Ch 1 & 2. MLP Foundations

Architecture

ch1a2/mlp.png

A Multi-Layer Perceptron (MLP) consists of layers of sigmoid neurons.

Notation

  • \(\sigma(z) = \frac{1}{1+e^{-z}}\), with \(\sigma'(z) = \sigma(z)(1-\sigma(z))\).
  • \(\odot\): Hadamard product (element-wise multiplication, * in NumPy).
  • \(w^l_{jk}\): Weight from the \(k^{th}\) neuron in layer \((l-1)\) to the \(j^{th}\) neuron in layer \(l\).
  • \(\delta^l_j\): The error of the \(j^{th}\) neuron in layer \(l\), i.e. \(\frac{\partial C}{\partial z^l_j}\).
ch1a2/w_notation.png

Feed Forward

Component Form Matrix Form
\(a^l_j = \sigma(\underbrace{\sum_k w^l_{jk} a^{l-1}_k + b^l_j}_{z^l_j})\) \(\vec{a}^l = \sigma(\underbrace{W^l \vec{a}^{l-1} + \vec{b}^l}_{\vec{z}^l})\)

Backpropagation

These equations calculate the gradient of the cost function \(C\) with respect to weights and biases.

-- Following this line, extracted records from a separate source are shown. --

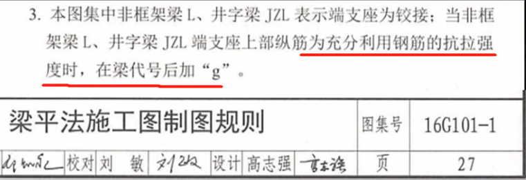 问题:结构梁配筋图中,集中标注的Lg是什么意思?解决办法:详平法16G101-1 27页有说明,表示充分利用钢筋抗拉强度时,在梁代号后加g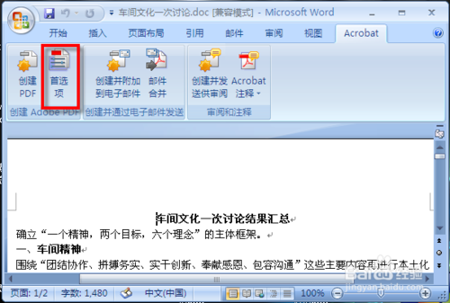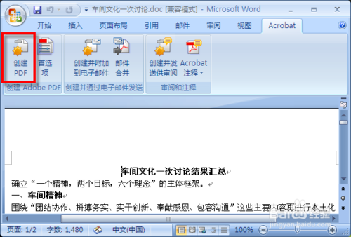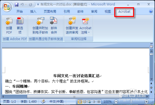 2、AdobeAcrobat9安装完成后,打开一个word文档。可以看到工具栏多出了一个Acrobat标签,打开后有几个按钮。
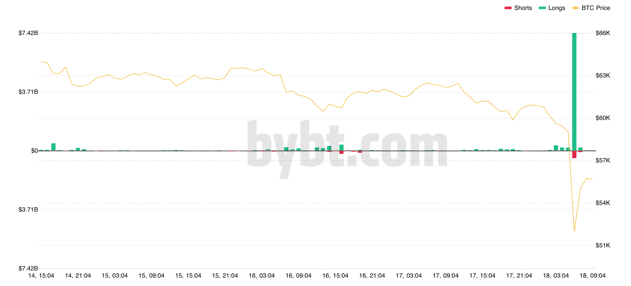 Предыдущая крупная ликвидация позиций на рынке произошла 15 марта 2021 года. Тогда флэш-крэш биткоина с $60 000 до $55 000 обошелся рынку в $2,4 млрд.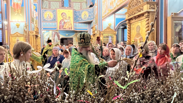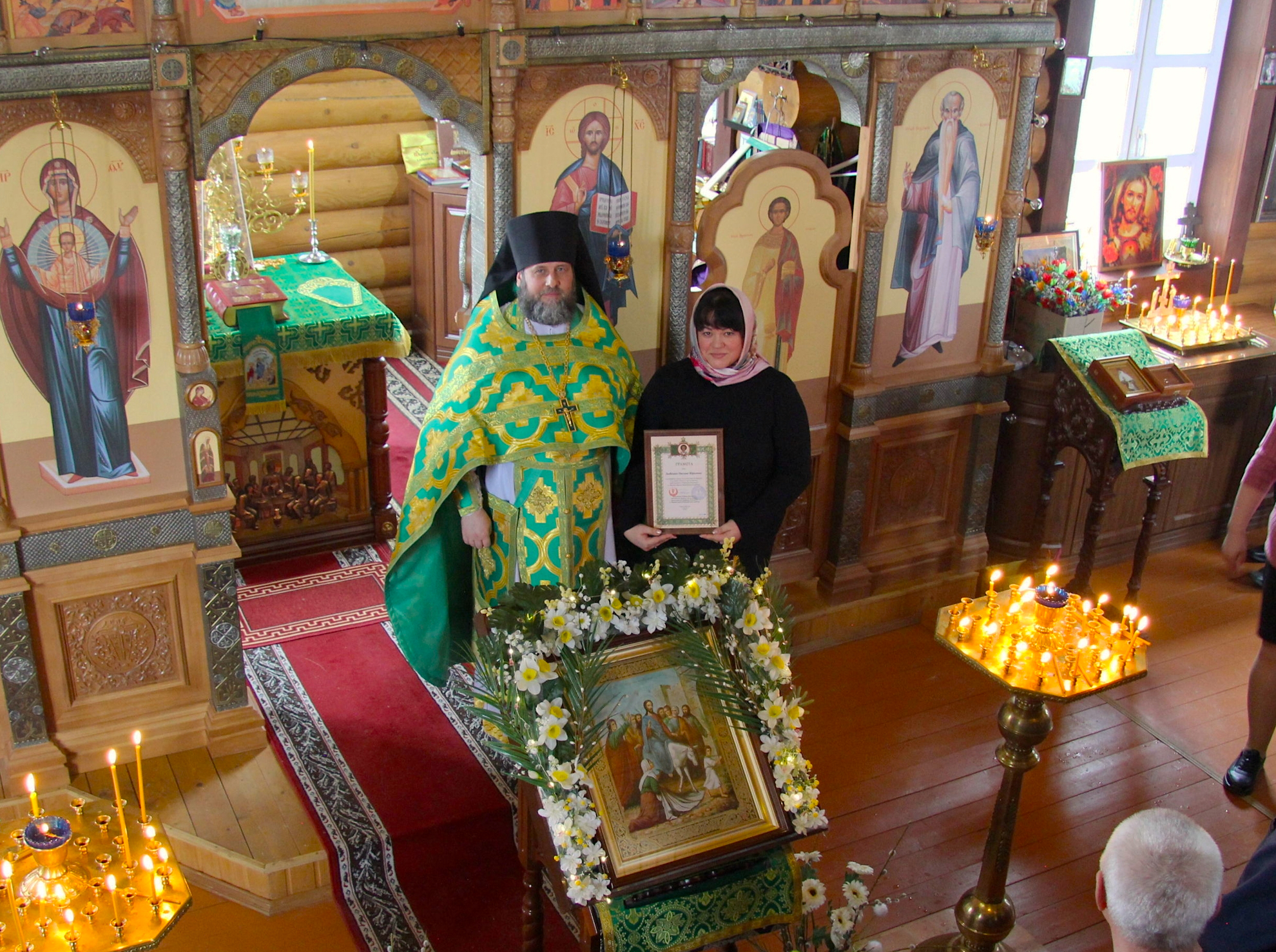 Ранее в этот день в храме Оксане Юрьевне была вручена приходская Грамота. Она возглавляет школьное объединение «Кудесники», которое на протяжении последних лет изготавливает букетики вербы для последующей раздачи престарелым и инвалидам дома-интерната «Уют».

ID Component Form Matrix Form Description
BP1 \(\delta^L_j = \frac{\partial C}{\partial a^L_j} \sigma'(z^L_j)\) \(\vec{\delta}^L = \nabla_{\vec{a}} C \odot \sigma'(\vec{z}^L)\) Error in the output layer \(L\): How much the cost changes w.r.t. the output activations.
BP2 \(\delta^l_j = \sum_k w^{l+1}_{kj} \delta^{l+1}_k \sigma'(z^l_j)\) \(\vec{\delta}^l = ((W^{l+1})^T \vec{\delta}^{l+1}) \odot \sigma'(\vec{z}^l)\) Error BP: Propagates the error \(\vec{\delta}\) backward from layer \(l+1\) to layer \(l\).
BP3 \(\frac{\partial C}{\partial b^l_j} = \delta^l_j\) \(\frac{\partial C}{\partial \vec{b}^l} = \vec{\delta}^l\) Bias gradient: The rate of change of the cost w.r.t. any bias is exactly the error \(\vec{\delta}\).
BP4 \(\frac{\partial C}{\partial w^l_{jk}} = a^{l-1}_k \delta^l_j\) \(\frac{\partial C}{\partial W^l} = \vec{\delta}^l (\vec{a}^{l-1})^T\) Weight gradient: The product of the activation "input" and the error "output".

Training

To minimize \(C\), we adopt SGD. Update parameters using mini-batches of size \(m\):

  1. Input: A batch of training examples.
  2. Feedforward: Compute \(\vec{z}^l\) and \(\vec{a}^l\) for each layer.
  3. Backpropagate: Compute errors \(\vec{\delta}^l\) using the 4 equations above.
  4. Update:
    • \(W^l \rightarrow W^l - \frac{\eta}{m} \sum \nabla_{W} C\)
    • \(\vec{b}^l \rightarrow \vec{b}^l - \frac{\eta}{m} \sum \nabla_{\vec{b}} C\)
    • where \(\eta\) is the learning rate

Implementation

瞎写的。

Example
import random
import json
import numpy as np


class MLP(object):

    def __init__(self, sizes):
        self.num_layers = len(sizes)
        self.sizes = sizes
        self.biases = [np.random.randn(x, 1) for x in sizes[1:]]
        self.weights = [np.random.randn(y, x) for y, x in zip(sizes[1:], sizes[:-1])]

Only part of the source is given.